Error test table of each model
Power prediction curve of convolutional neural network.
It can be seen from Table 2, AR model, whether RMSE or MAE, is the worst comparison method, which only regresses its own historical dependent data, which has no good effect on this time series type data, and the SVR model prediction accuracy has been improved, but no matter what type of data it is, it uses the kernel for the largest interval spatial mapping. LSTM model has long short-term memory module capabilities,which can capture a longer period of the above dependence, therefore, compared with relative SVR model in convergence accuracy, it has a certain improvement. CNN convolutional neural network, with variable receptive fields, The feature association of multi-factor time series can be extracted, and after multi-layer neural network mapping and feature activation, it also produces good results, compared with LSTM, the convergence accuracy is improved.
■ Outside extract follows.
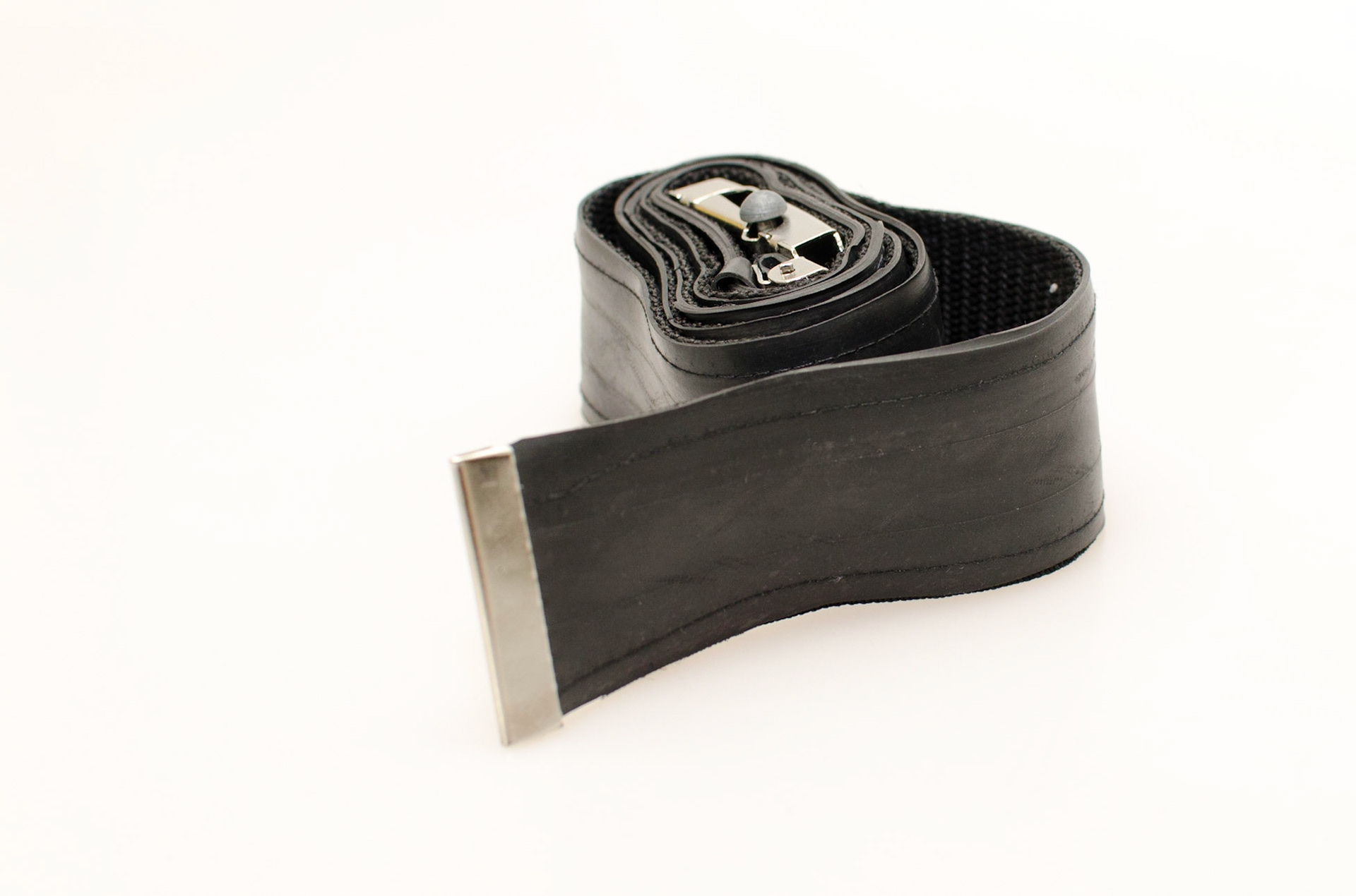 Einfach und geschickt, hier aus Feuerwehr- oder Fahrradschlauch. Die Größe muß natürlich angepasst sein.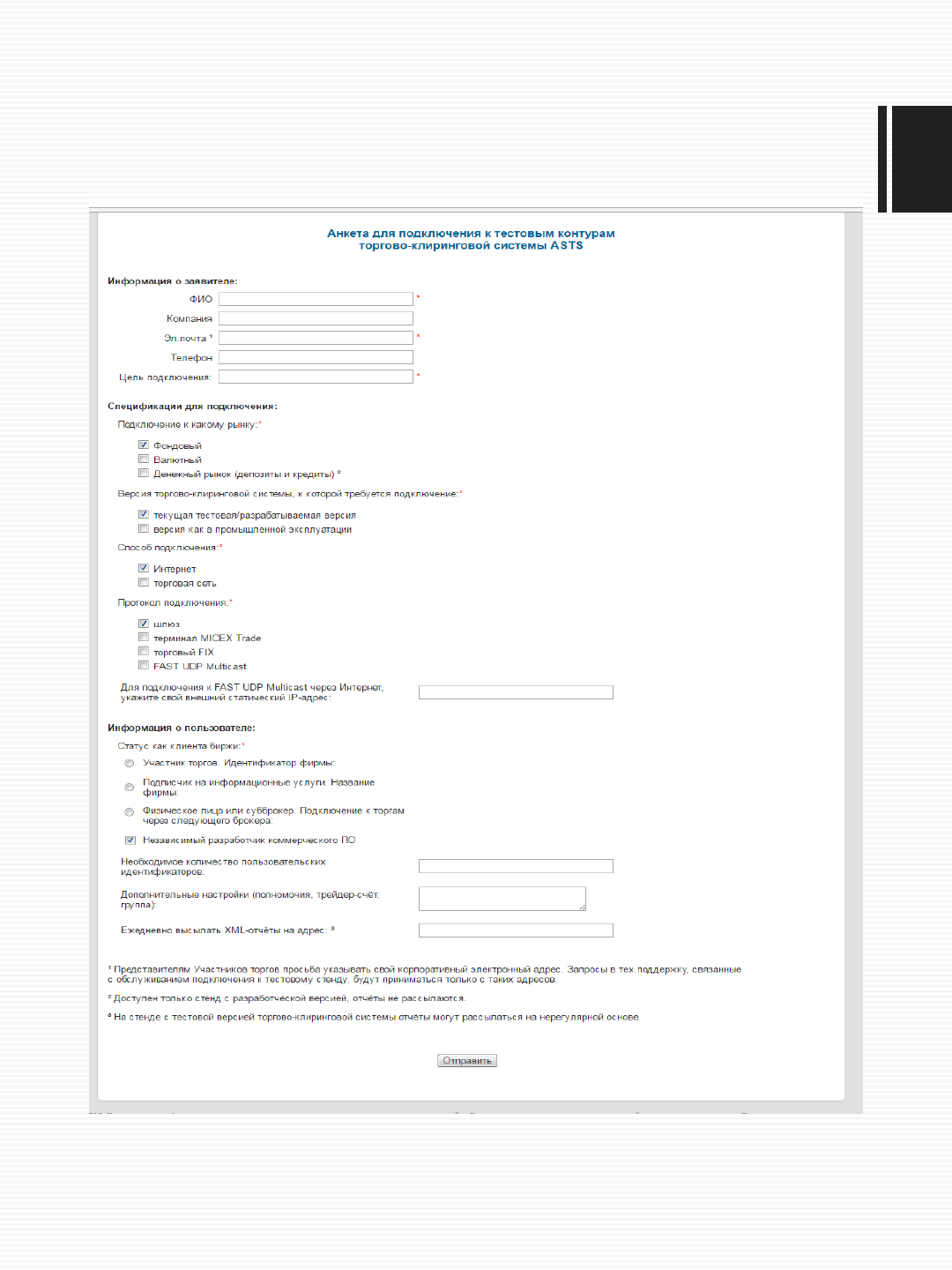 подключение к какому рынку: "фондовый"

RMSE decreased by 3.1, MAE decreased by 1.1, the graph attention network migrated the idea of attention variation weight to graph computing, which divide and conquer neighborhood nodes and then weighted aggregation, from the experimental results, convergence accuracy compared with CNN model and other models have improved, compared with CNN model, RMSE decreased by 0.7, MAE decreased by 1.5, for the experimental group model MUL-HEADS GCN [44, 45, 46, 47], the number of attention heads was increased on the basis of the GAT model, Drawing on the idea of model inheritance, the use of independent attention heads makes the overall model generalization higher, the error is lower, and the usability and accuracy of the model are enhanced, and in terms of model error, compared with the GAT model, RMSE and MAE are reduced by 4.4 and 1.5 respectively. The GCN model also achieves good results, but the model lacks the blessing of attention mechanism and lacks correlation depth for feature mining of context sequence data.
In order to reduce the influence of variance in orphan data, this paper introduces the self-attention mechanism under the traditional graph convolutional neural network architecture, integrating the multi-head attention factor, taking into account of the spatial topological factors of the hydropower station in the river basin on the basis of traditional multi-dimensional time series prediction to form a spatiotemporal analysis base, which greatly improves and enriches the extraction of data feature distribution. Secondly, there are few considerations in the topology construction process in this paper, and only abstract associations are made for the primary connection, in fact, hydropower stations may not be just “binary trees”, but the topology construction of hydropower stations in complex spatial basins is the next way forward.
Conclusion
In order to solve the problem that the power generation prediction of traditional hydropower stations mostly only uses time series prediction and neglects to study the spatial topological relationship of each hydropower station in the river basin. In this paper, a research method for power generation prediction of hydropower in the river basin based on multi-head attention map convolutional neural network is proposed, which uses the historical data of various dimensions of the power station for experimental analysis and comparison experiments with the control group model, For the traditional autoregressive time series prediction method, because only consider its own trend change and ignore the contribution of covariates, its error in the control group is maintained at a high level, such as SVR [48], LSTM, CNN, AR algorithm, for the GCN, CAT, MUL-HEADS CAT [49] algorithm using covariate multi-feature attributes, its experimental error is greatly improved, among which the experimental error of the MUL-HEADS CAT algorithm using multi-head attention [50] is the lowest. which further confirms the effectiveness of the proposed method, but there are still problems such as insufficient experimental comparison, which is the direction of further research in the future.